What happened here? We now have more stall cycles per instruction (9/25) than before (3/10). This means that our reordering didn't work as it should have. So let's try changing our reordering, and we'll see what happens. Although we haven't decreased the CPI, we have decreaed the number of instructions.
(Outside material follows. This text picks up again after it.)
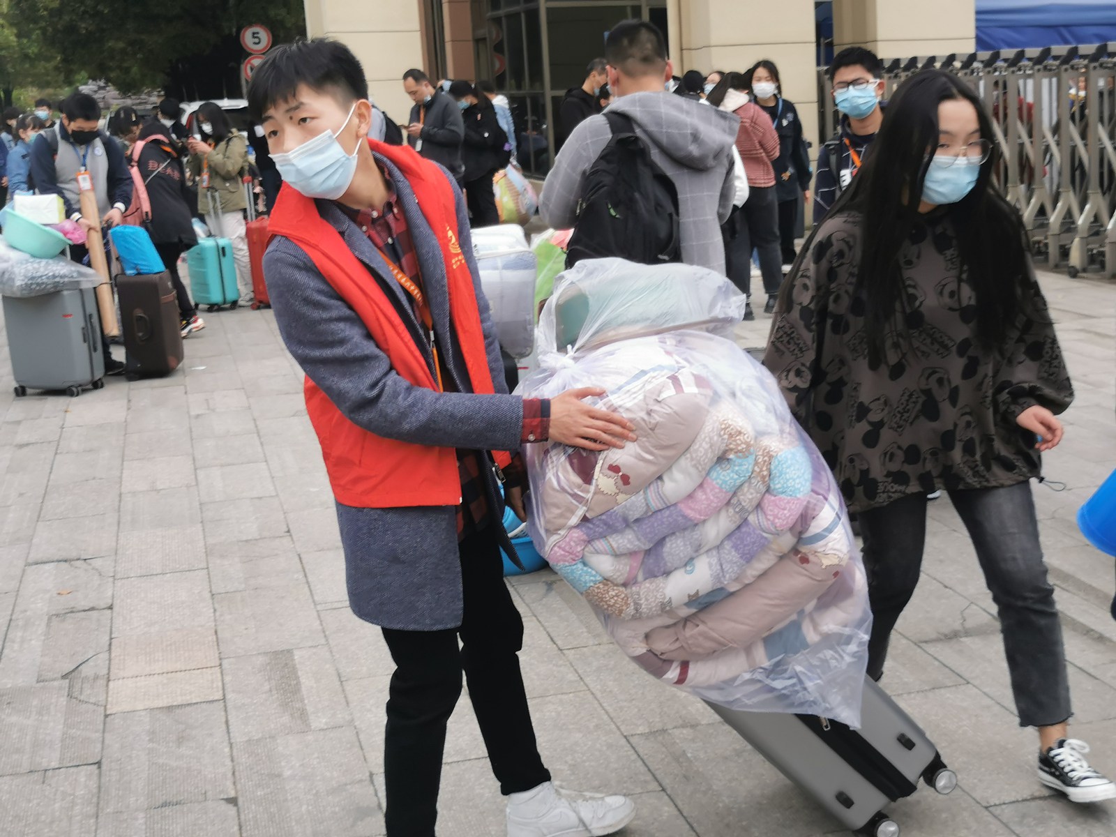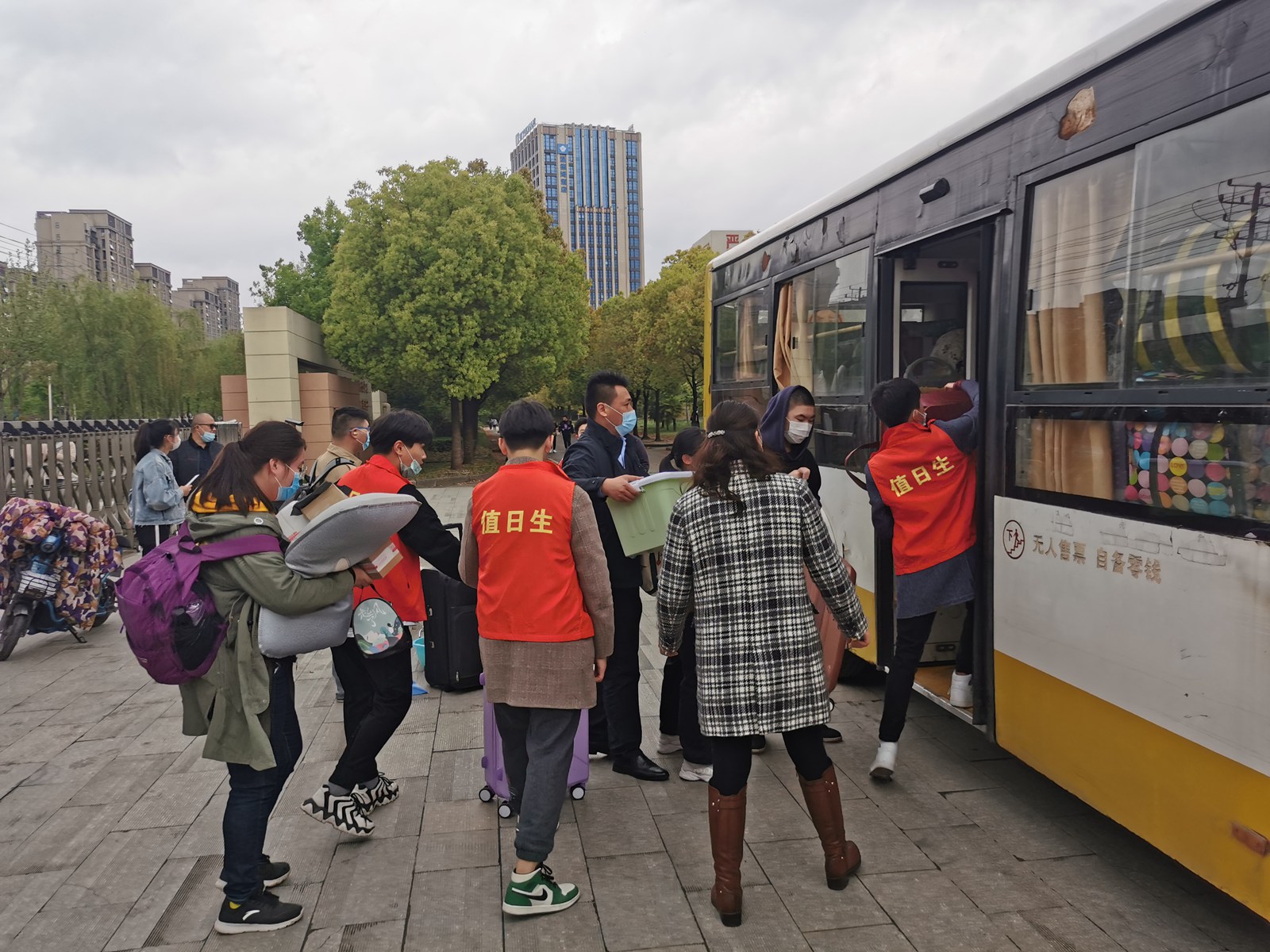 根据疫情防控要求,学生返校后要进行封闭式管理,家长不允许进入校园,学校经过仔细谋划,安排了志愿者,并租用了4辆公共汽车帮助学生接运行李。可天公不作美,时而刮起一阵大风,时而阴云密布,时而落下几颗雨点,使每个家长的心都揪着。由于学生们携带的物品较多,这时,学校教师们便和志愿者一同主动帮助住宿生搬运行李。他们从下午12:30干到4:30分,一直在与时间赛跑,他们虽然累得声嘶力竭,但教师们和志愿者的行动让学生们倍感温暖,也让家长感到安心,确保了学生返校复课安全有序的进行。

What are our obstacles for reordering? First, we need to make sure that the last multiply finishes before the branch. We can put the store in the branch delay slot, so it can finish as late as it wants: the only stall we won't be able to remove are the stalls between multiplies and the memory stall from the last multiply. In order for the multiply to finish in time (without stalls), it must be at least five instructions from the end of the store. We can move the multiplies back further and interleave the other instructions, but we must take care not to add any stalls resulting from back-to-back loads and multiplies. With this in mind, we get:
loop4: ld f0, 0(r1) ld f2, 0(r2) ld f4, 8(r1) multd f20, f0, f2 ld f6, 8(r2) ld f8, 16(r1) ld f10, 16(r2) multd f22, f4, f6 ld f12, 24(r1) ld f14, 24(r2) subi r4, r4, #5 multd f24, f8, f10 ld f16, 32(r1) ld f18, 32(r2) sd 0(r3), f20 multd f26, f12, f14 sd 8(r3), f22 sd 16(r3), f24 sd 24(r3), f26 multd f28, f16, f18 addi r1, r1, #40 addi r2, r2, #40 addi r3, r3, #40 bnez r4, loop4 sd 32(r3), f28
Now we have eliminated all but 5 stalls: the contention for the memory stage after each multiply causes a stall. Over 25 instructions, we now have 30 cycles per loop. Over 20 loops and 4 startup cycles, this comes to 604 cycles. We have 25*20+4=504 instructions, giving a new CPI of 1.2. Much much better.